Lots of people say it's because they're heavier, too, but I don't buy that, either. Seems to me that the weight would work like a flywheel and only be a negative during acceleration. I suspect that it has more to do with aerodynamics. That is to say that there is likely more air churning around causing constant resistance due to the larger wheel (with holes for air to go through) and smaller tire surface area (where air can only go around and not through).

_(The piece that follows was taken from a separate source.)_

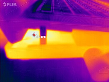AAS-Ultra-systemet, som höjer tangentbordet synligt, är främst avsett att hålla den bärbara datorn sval. Det är precis vad det gör. Genom att hålla tangentbordet en bit ifrån den bärbara datorns värmekällor förblir det klart svalt. Faktum är att de varmaste platserna på den bärbara datorns ovansida ligger runt 30 °C, även efter en timmes stresstester. Den bärbara datorn håller sig mestadels under 40 °C på undersidan också. Temperaturen i springan mellan tangentbordet och basen är betydligt varmare, men stiger inte alltför mycket över 40 °C. Ångkammaren, AAS-Ultra-kylningen och den bärbara datorns inställda prestandagräns garanterar ett svalt system.
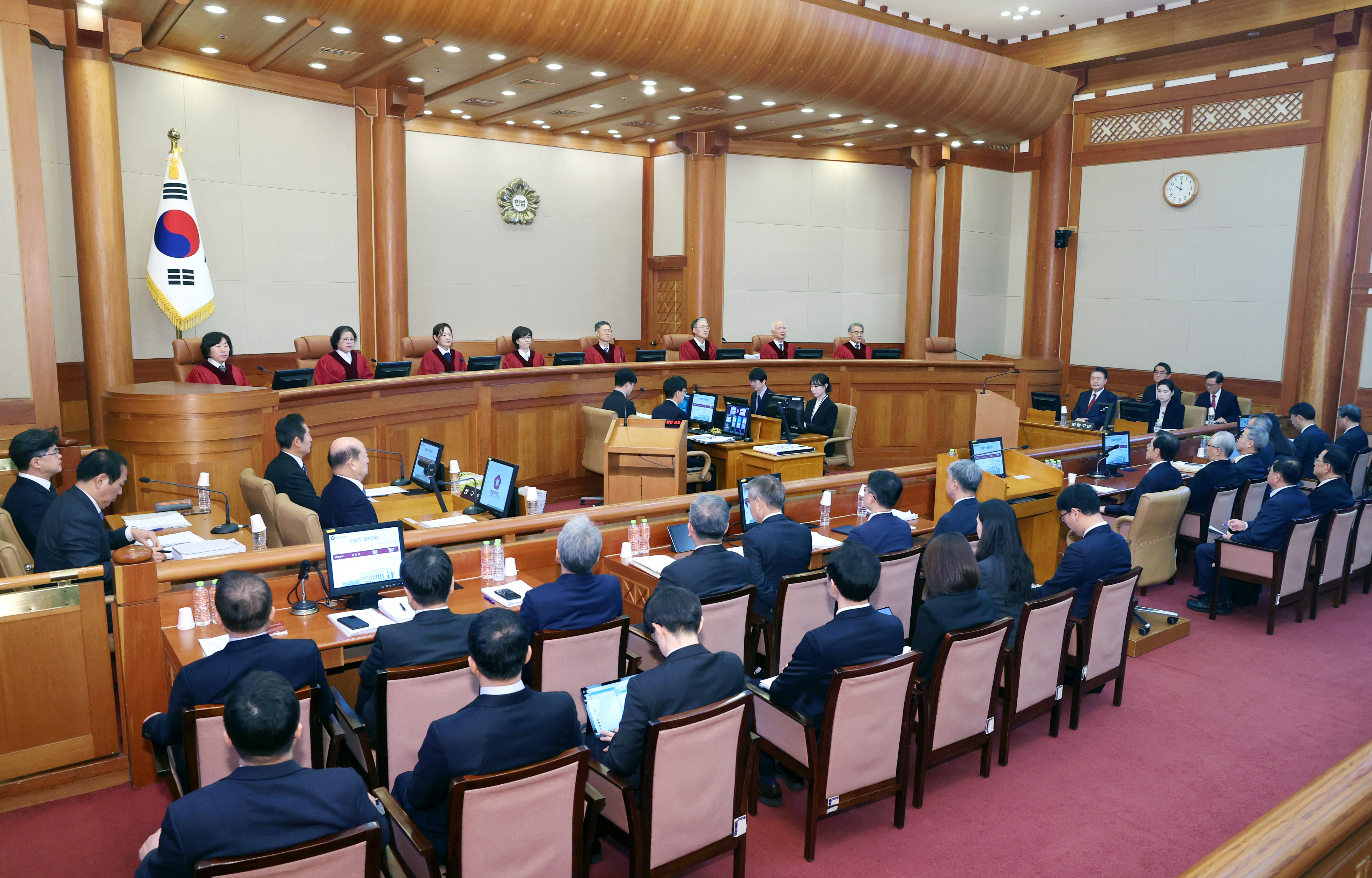 이날 변론에는 청구인 측 소추위원과 피청구인이 모두 참석한 가운데, 증인신문 등이 실시되었습니다.

ETA: For the record, I had already typed all of this before seeing the post below (which came through as I typed):
I think for the X, the front tires have the same width at 265 for both 20" and 22" wheel, but the rear tires are wider for the 22" at 285 instead of the 275 for 20". Also the weight would make a difference too. The 22" wheel + tire would be much heavier.
 
Lots of people say it's because they're heavier, too, but I don't buy that, either. Seems to me that the weight would work like a flywheel and only be a negative during acceleration. I suspect that it has more to do with aerodynamics. That is to say that there is likely more air churning around causing constant resistance due to the larger wheel (with holes for air to go through) and smaller tire surface area (where air can only go around and not through).

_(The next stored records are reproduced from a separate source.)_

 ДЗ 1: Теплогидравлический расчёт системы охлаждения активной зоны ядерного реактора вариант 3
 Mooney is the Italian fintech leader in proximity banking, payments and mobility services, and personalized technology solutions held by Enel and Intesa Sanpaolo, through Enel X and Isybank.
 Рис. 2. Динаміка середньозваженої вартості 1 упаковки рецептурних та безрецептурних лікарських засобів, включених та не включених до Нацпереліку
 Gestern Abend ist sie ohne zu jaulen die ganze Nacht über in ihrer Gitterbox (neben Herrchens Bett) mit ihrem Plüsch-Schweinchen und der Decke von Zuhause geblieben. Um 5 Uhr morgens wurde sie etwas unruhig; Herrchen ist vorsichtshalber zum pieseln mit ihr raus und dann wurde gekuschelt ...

I was told that the wheel weight would not make a huge difference in constant speed driving, but for city driving, they made a huge difference because of the stop & go. Something about the wheel weight counts twice as much their real weight to start them rolling.
 
I was told that the wheel weight would not make a huge difference in constant speed driving, but for city driving, they made a huge difference because of the stop & go. Something about the wheel weight counts twice as much their real weight to start them rolling.

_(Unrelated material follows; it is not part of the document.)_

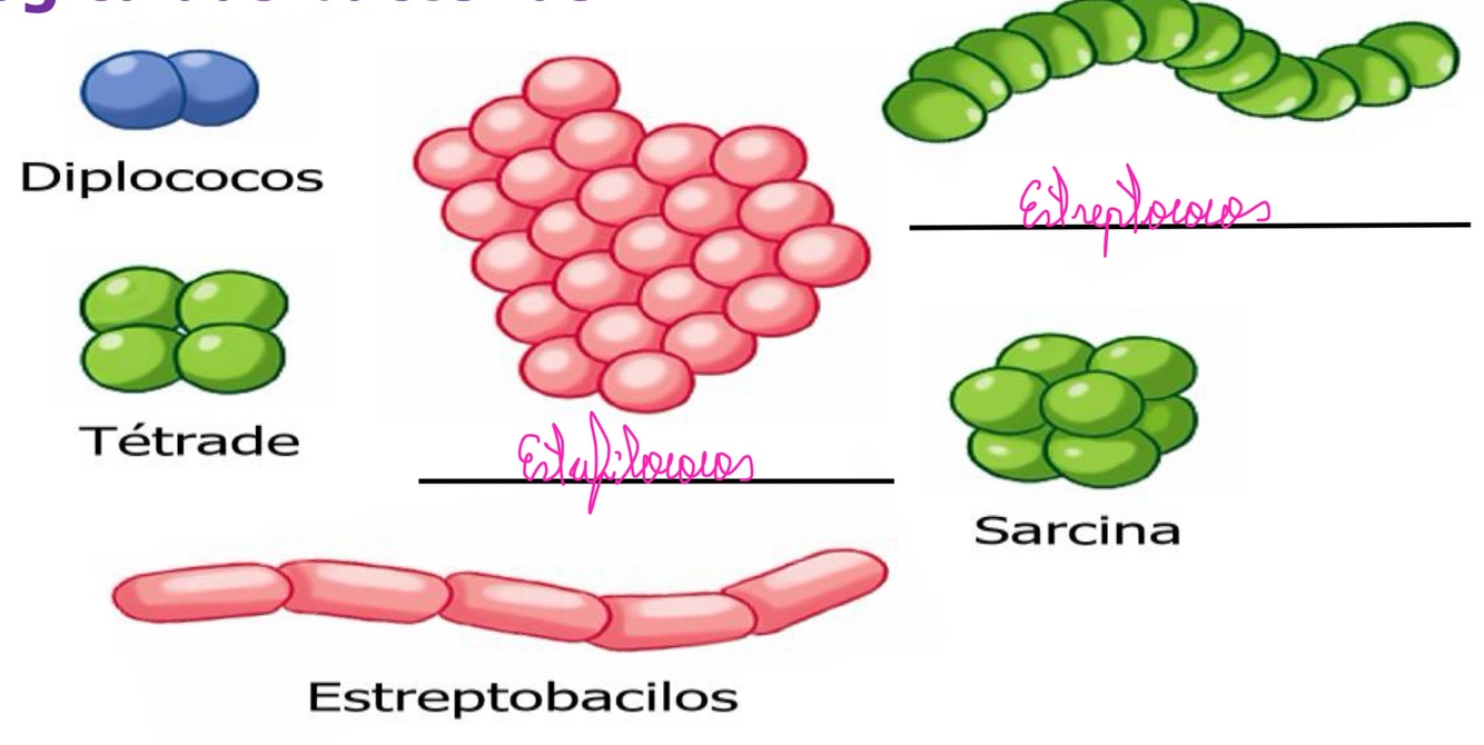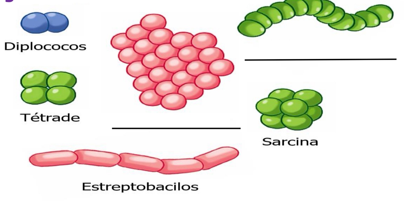 De o nome dos tipos morfológicos das bactérias na imagem abaixo.

That sounds logical, but "counts twice as much as their real weight" is still a pretty small percentage of the weight you're moving around (100lbs of wheel would count as 200lbs and that would be 3.3% of the weight of a 3 ton vehicle). In the city, regen doesn't occur at the lowest speeds and even at higher speeds, regen wouldn't gain as much as you lose to acceleration even with my theoretical flywheel effect with heavier rims. However, in the city, I would suspect that heat and a/c would bigger culprits since they draw per hour instead of per mile (if heater was drawing 6 kW, it would use 6 kWH in one hour whether you went 1 mile or 60 miles). My impression is that people with 22" wheels get significantly worse range, and I'm again not sure how to do the math, but let's say a MX 20" wheel gets 325kWH/Mi and assume we add those % differences together (3.3% for weight in city + 3.6% for wider rear wheel), while that's probably way overstating what those changes do since one is in city only and the other is rear wheels only, that'd make it 6.9%, and 325 * 1.069 = 347.425. I'm thinking that still leaves a lot of energy getting burnt somewhere else...
 
How does the EPA factor into the design and operation of Tesla cars? The only thing they dictate is how Tesla arrives at the number on the sticker in the window!

Which is the highest number so everyone uses in their advertising and on their web sites. Also having the same test is the only way to objectively compare mileage.